So what’s happening?

So what’s happening?

The Central Bank is carrying out stress tests on Bank of Ireland, Allied Irish Banks, Irish Life and Permanent and building society EBS. The results will be announced at 4.30pm today.

A capital test will show how much more cash they need to meet losses. A liquidity test will show how many loans they will need to sell – and the capital required to encourage those sales or cover losses on the sales – before the end of 2013. The aim is shrink the banks so they are self-sufficient.

Anglo Irish Bank and Irish Nationwide are not being tested as they are to be run down over time.

READ MORE

How much do the banks need?

The running total is €46 billion and the lion’s share (€34.7 billion) has gone on Anglo Irish Bank and Irish Nationwide. The four other banks are expected to need a further €18 billion to €23 billion as a result of the tests.

Most banking analysts reckon it will come in at around €23 billion, although bankers were estimating that it could fall in or around €22 billion. Either way, it’s a lot and will come from the €35 billion set aside in the €85 billion EU-IMF bailout for the banks.

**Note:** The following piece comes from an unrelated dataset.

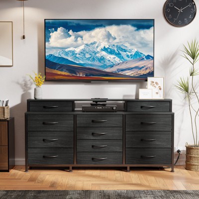 55 inch Black 10 Drawer Dresser for Bedroom LED TV Stand with Charging Station Power Outlets fits 65 inch TV Fabric Storage Chest Media Console Table

How much is the State giving?

Most of this will come from the State’s own rainy-day fund, the National Pensions Reserve Fund (NPRF), which has been raided for the previous €7.2 billion and €3.5 billion bailouts of Allied Irish Banks and Bank of Ireland, respectively.

The Government is drawing €17.5 billion more from the NPRF. Anything over the €17.5 billion for the banks will be borrowed at an average interest rate of 5.8 per cent.

But haven’t the banks got enough Government capital?

The international markets don’t think so, given how the scale of lost deposits and the banks’ inability to borrow on their own, even with a Government guarantee.

The banks raised bonds in these markets to meet their day-to-day requirements as loans exceed deposits by about 80 per cent. Investors don’t believe that the full extent of the losses has been recognised at the banks. That is why they won’t lend to them.

The inadequacy of past bailouts certainly has failed to reassure them. The running cost has risen from €5.5 billion in late 2008 to €11 billion in the first half of 2009, to €35 billion March 2010 to €46 billion last September.

A further €10 billion was due to have been injected last month under the EU-IMF deal but this was postponed by the former minister for finance, Brian Lenihan.

Another reason for more bailouts is that the Central Bank has raised the capital threshold 8 per cent to 12 per cent (roughly €12 in reserve for every €100 on loan).

The tests will overcapitalise the banks to such high levels that should really reassure investors.

So why do they need more?

Most of the losses revealed in the last two stress tests (in March and September 2010) focused on the losses on developer loans as a result of the transfers to Nama.

Today’s capital test is particularly focusing on potential losses on home loans and buy-to-let mortgages. The loans are being fed through models created by the Central Bank and outside consultants BlackRock, where they are tested for unanticipated shocks such as more severe house price falls, slower economic growth and higher rates of unemployment.

How will the banks emerge?

EBS is fully nationalised. AIB is effectively there too but is expected to be hit with a substantially larger bill beyond the €4.7 billion it previously still had to find.

Irish Life and Permanent and Bank of Ireland, the last two banks to stay out of Government control, face the inevitable loss of majority control to the Government.

Irish Life and Permanent is considering selling its most profitable and biggest businesses, Irish Life and Irish Life Investment Managers, to help meet an estimated capital bill of €3 billion or more that will land on its table today.

Will the EBS still be sold?

No, the Government called off the proposed sale to the Cardinal private equity consortium yesterday because its bid was “not sufficiently commercial attractive to the State”.

Cancelling the sale could allow the Government merge nationalised EBS with Permanent TSB if it falls under State control.

So what does all this mean?

The virtual nationalisation of the Irish banking sector, paving the way for a major restructuring.